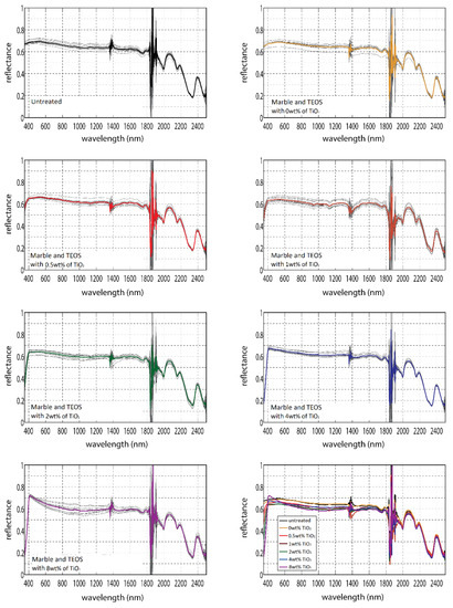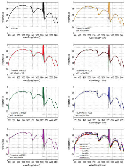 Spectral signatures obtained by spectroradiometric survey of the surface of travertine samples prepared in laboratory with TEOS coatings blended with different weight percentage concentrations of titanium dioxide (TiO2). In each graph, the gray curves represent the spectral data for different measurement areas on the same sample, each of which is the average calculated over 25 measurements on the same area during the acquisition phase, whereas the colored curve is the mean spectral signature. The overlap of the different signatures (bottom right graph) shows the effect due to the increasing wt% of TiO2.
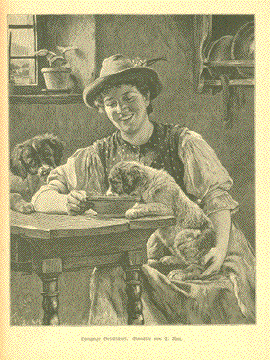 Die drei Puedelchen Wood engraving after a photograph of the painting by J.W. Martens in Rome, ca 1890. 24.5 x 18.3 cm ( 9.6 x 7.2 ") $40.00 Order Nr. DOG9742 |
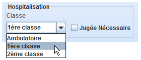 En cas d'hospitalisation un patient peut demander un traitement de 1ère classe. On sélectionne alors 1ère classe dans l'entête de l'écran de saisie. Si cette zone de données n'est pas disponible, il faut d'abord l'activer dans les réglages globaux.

※ ※ ※

■ **Exercise prompt**
Return the listing verbatim, pictures omitted.

■ **Solution**
 Spectral signatures obtained by spectroradiometric survey of the surface of travertine samples prepared in laboratory with TEOS coatings blended with different weight percentage concentrations of titanium dioxide (TiO2). In each graph, the gray curves represent the spectral data for different measurement areas on the same sample, each of which is the average calculated over 25 measurements on the same area during the acquisition phase, whereas the colored curve is the mean spectral signature. The overlap of the different signatures (bottom right graph) shows the effect due to the increasing wt% of TiO2.
 Die drei Puedelchen Wood engraving after a photograph of the painting by J.W. Martens in Rome, ca 1890. 24.5 x 18.3 cm ( 9.6 x 7.2 ") $40.00 Order Nr. DOG9742 |
 En cas d'hospitalisation un patient peut demander un traitement de 1ère classe. On sélectionne alors 1ère classe dans l'entête de l'écran de saisie. Si cette zone de données n'est pas disponible, il faut d'abord l'activer dans les réglages globaux.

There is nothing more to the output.